## Input:
────

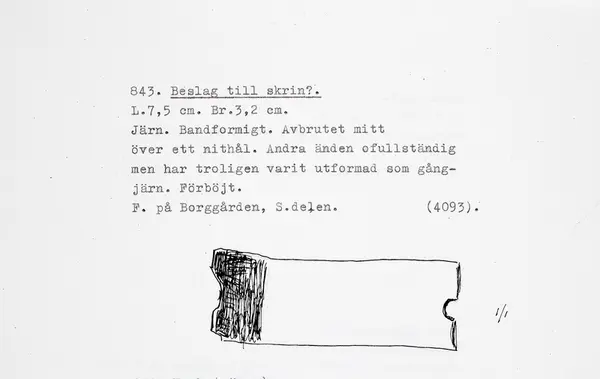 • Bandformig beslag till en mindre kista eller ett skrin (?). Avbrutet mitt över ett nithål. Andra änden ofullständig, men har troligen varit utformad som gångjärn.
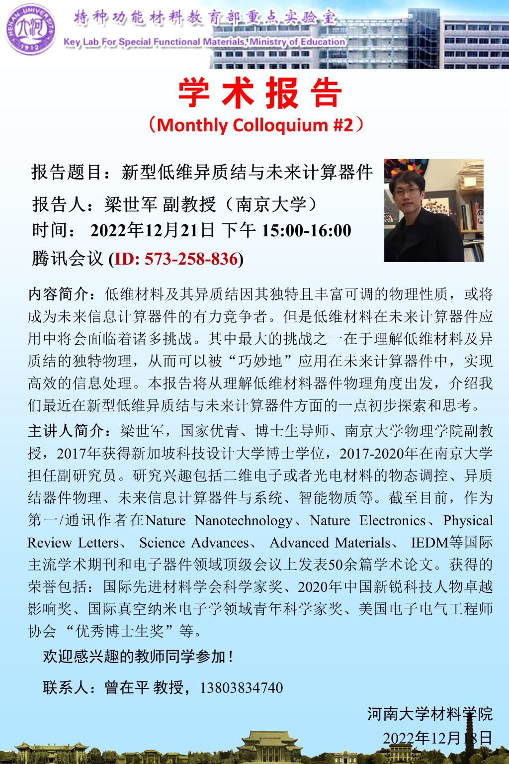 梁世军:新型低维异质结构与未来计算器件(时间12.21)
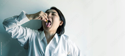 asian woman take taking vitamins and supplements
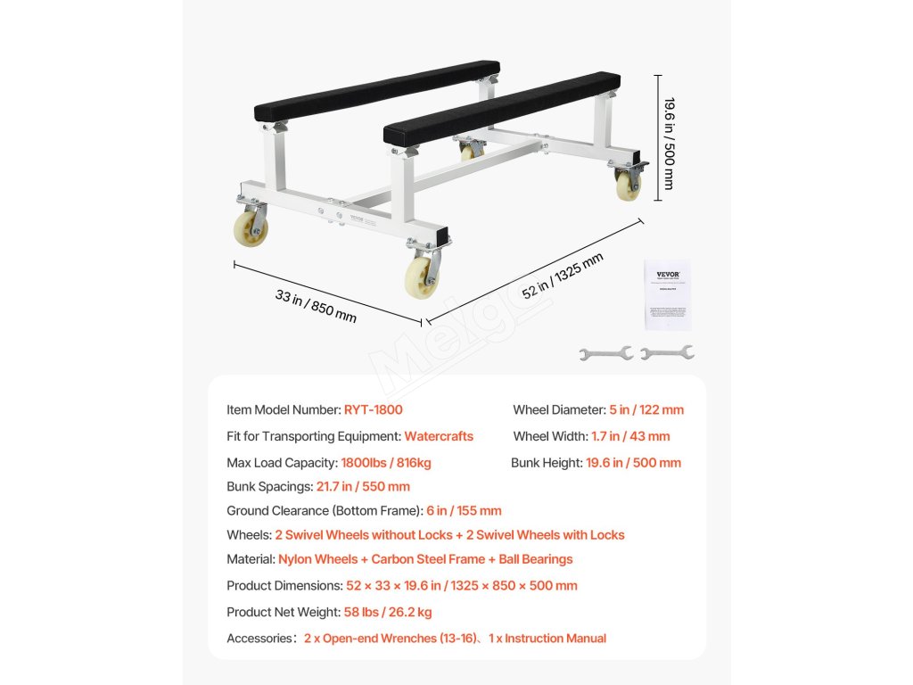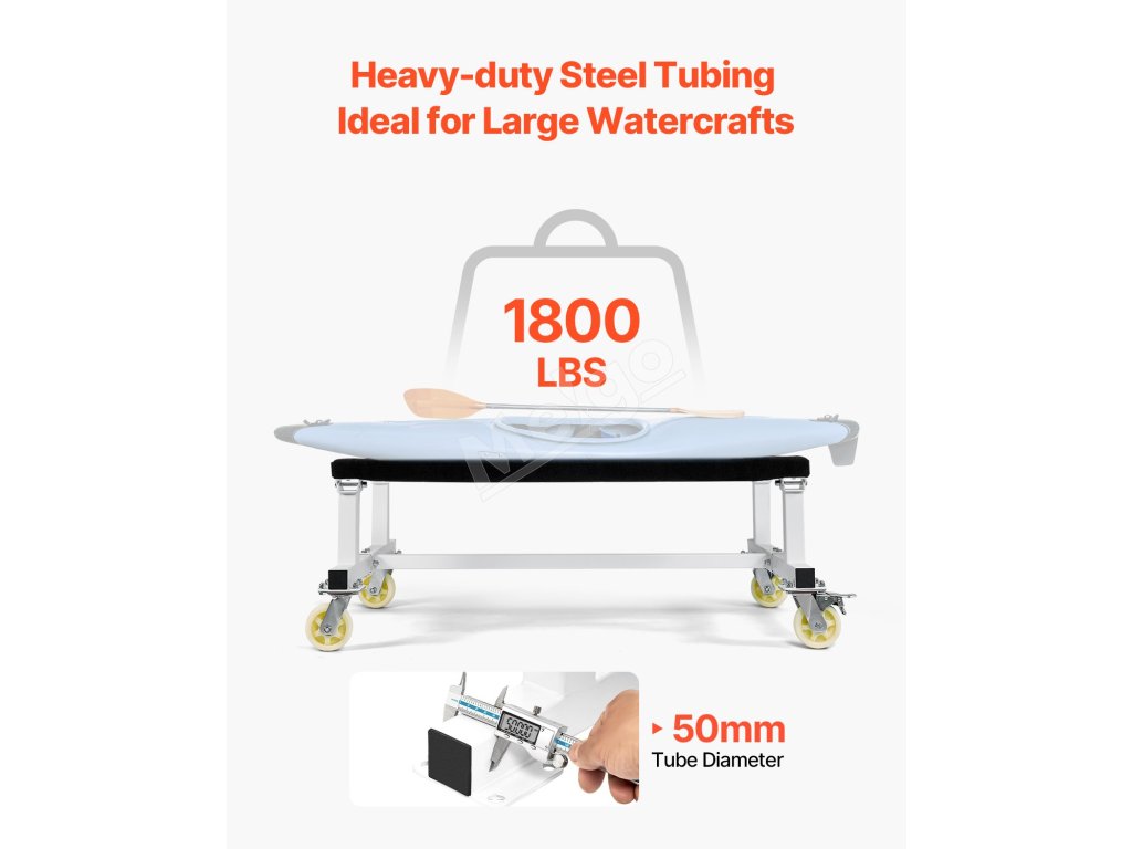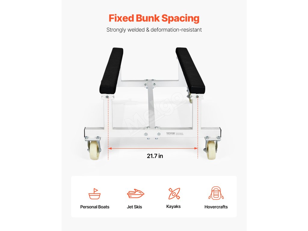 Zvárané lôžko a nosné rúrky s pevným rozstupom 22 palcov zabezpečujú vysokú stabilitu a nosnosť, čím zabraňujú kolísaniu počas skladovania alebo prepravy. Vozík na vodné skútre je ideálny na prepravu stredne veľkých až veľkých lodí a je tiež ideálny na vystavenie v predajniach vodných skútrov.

────

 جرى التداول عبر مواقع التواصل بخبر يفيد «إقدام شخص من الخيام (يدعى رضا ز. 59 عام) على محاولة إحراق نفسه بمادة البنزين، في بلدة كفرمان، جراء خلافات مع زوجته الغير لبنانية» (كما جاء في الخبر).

────

Write out word for word the lines of the listing above from the line with "梁世军:新型低维异质结构与未来计算器件(时间12.21)" to the line with "Zvárané lôžko a", taking in both of those lines but no pictures.

## Answer section:
 梁世军:新型低维异质结构与未来计算器件(时间12.21)
 asian woman take taking vitamins and supplements
 Zvárané lôžko a nosné rúrky s pevným rozstupom 22 palcov zabezpečujú vysokú stabilitu a nosnosť, čím zabraňujú kolísaniu počas skladovania alebo prepravy. Vozík na vodné skútre je ideálny na prepravu stredne veľkých až veľkých lodí a je tiež ideálny na vystavenie v predajniach vodných skútrov.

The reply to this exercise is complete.